Mayo Clinic’s Halamka: Telehealth boom slowing, but don’t expect it to go back to pre-COVID rates

The rapid adoption of virtual care during the COVID-19 pandemic may be winding down compared to levels it reached early in the COVID-19 pandemic.

But that shift marked a “sea change” in healthcare that will have a long-term impact on how care is delivered, said Mayo Clinic health IT leader John Halamka.

“Organizations were at 5% telehealth visits and that went up to 95% [early in the pandemic] and now it’s down to 25%. Organizations went from 5% to 25% in six months,” said Halamka, president of Mayo Clinic Platform, speaking during a virtual roundtable Tuesday hosted by Google Cloud. 

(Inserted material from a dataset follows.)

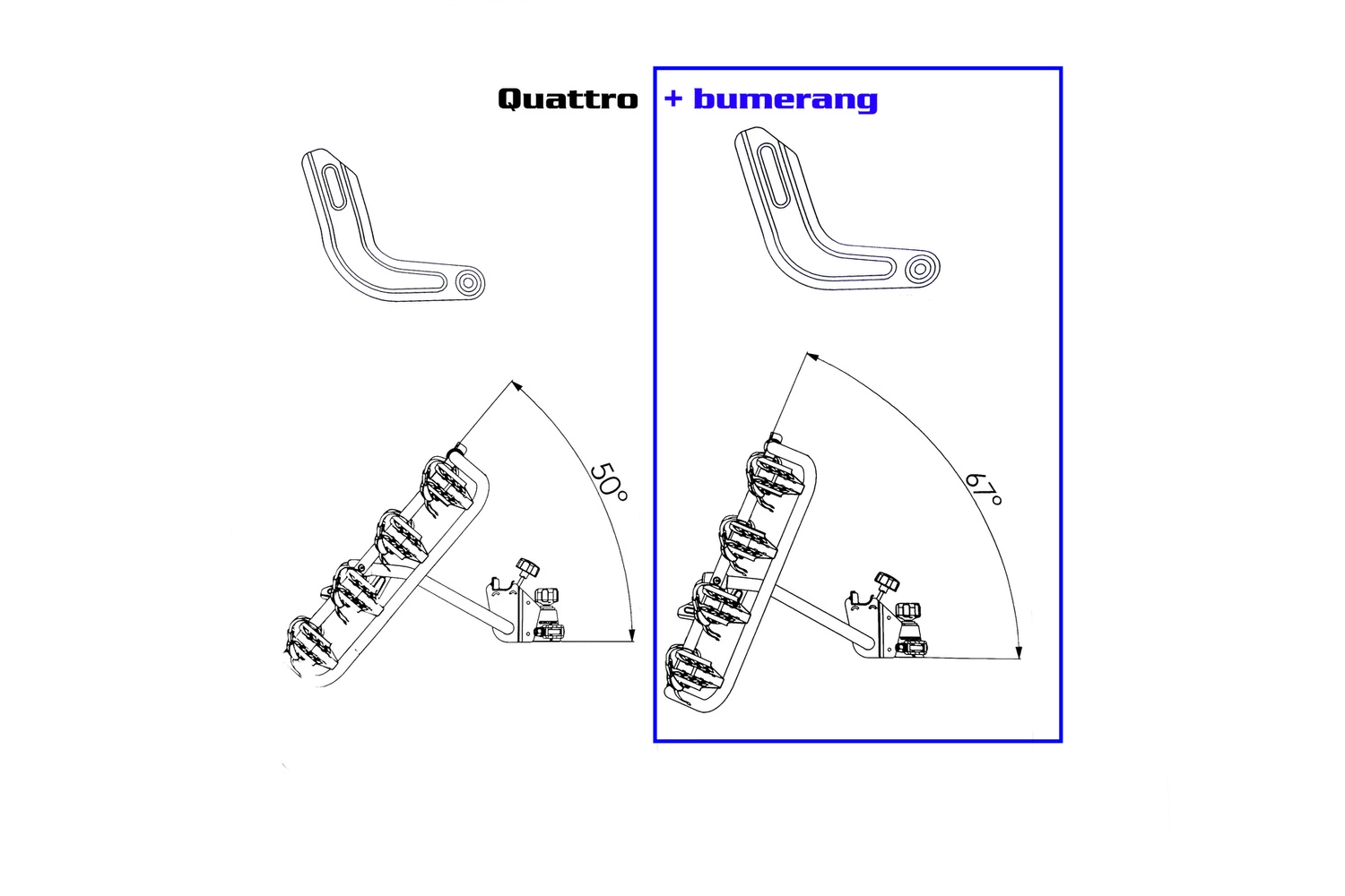 - Omezovač „Boomerang“ zvětšuje úhel náklonu plošiny na 67 stupňů. Pasuje na plošiny Inter Pack Quattro a Trio.

Future virtual care growth will be driven by a number of factors including increased patient demand for these services along with permanent regulatory changes supporting telehealth and increased adoption of payment models that focus on cost savings, he said. “What I’m seeing is that this change is here to stay and we’ll start at a baseline of 20% to 25% and grow from there,” he said.

The buzz around telehealth continues even as some data shows that virtual care usage is dropping after hitting peaks in April.

Recent electronic health record data from Epic indicates that volumes peaked in mid-April when telehealth visits comprised 69% of total visits. Since then, levels have dropped to make up only 21% of total visits, though this is still much higher than the rates seen before the pandemic, less than 0.01%, Epic reported.

As telehealth rates rise and fall, health systems are continuing to invest resources in virtual care solutions, experts say.

“Most CIOs (chief information officers) we talk to say they are looking to invest in these new platforms and are looking for permanent solutions to scale,” said Aashima Gupta, director of global healthcare solutions at Google Cloud.

But the uptick in virtual care presents major challenges to provider organizations that have already invested a lot of money into brick-and-mortar facilities, said Medically Home’s CEO Raphael Rakowski.

“These changes are not going to roll back so you will have to rethink how the real estate is used,” he said. “A quote that I heard recently is that if you don’t have a backfill plan and can’t fill those empty beds, then you going to need a backhoe to raze your building.”

Future of virtual care

The pandemic has accelerated progress in virtual care more in the past 12 weeks than in the past 12 years, Rakowski said.

Healthcare leaders are recognizing an opportunity to separate medical services from physical assets such as hospital facilities, Rakowski said.

Mayo Clinic scaled up its virtual care services in partnership with Boston-based Medically Home. In July, the two organizations launched an at-home advanced care model for patients in Jacksonville, Florida and Eau Claire, Wisconsin.

Virtual care is helping to increase access to care because providers are not tied to a particular geography, Halamka said.

“The pilot in Wisconsin, it’s a rural setting that doesn’t have huge access to capital to build more brick and mortar. With Medically at Home, we see twice as many patients using the same expertise and the same staff without having to build new buildings,” he said.

Mayo Clinic’s partnership with Google Cloud has played a pivotal role in the health system’s pivot to virtual care during the pandemic, Halamka said.

In September, Mayo Clinic tapped Google Cloud as a strategic partner to accelerate innovation in artificial intelligence, analytics and digital tools.

The organizations were “well on that journey” when the coronavirus hit the U.S., prompting a quick shift in direction, Gupta said.

Halamka, who joined Mayo Clinic in January, said the health systems’ 2030 technology strategy quickly became it’s 2020 tech strategy.

“There was a rapid acceleration of virtual care, remote monitoring and bringing in data from multiple disparate sources. That all requires different workflow applications and privacy-protecting data analytics and we could not do that in an agile way without a cloud platform,” he said.

Moving forward, organizations will need a hybrid approach that brings physical care and virtual care together in a centralized care model, Rakowski said.

As virtual care and remote monitoring player a bigger role in how care is delivered, AI will be a critical tool to help separate “the signal from the noise” with more health data coming in from disparate sources, Halamka said.

Mayo Clinic is leaning on Google Cloud to develop what Halamka called an “AI factory” that enables any clinician at Mayo to build algorithms using Mayo de-identified data that can be incorporated into clinical workflows.

“I think you’re going to see, in the next several quarters, more automation, more chatbots and more focus on democratizing technology expertise because we’re ready for the change,” he said.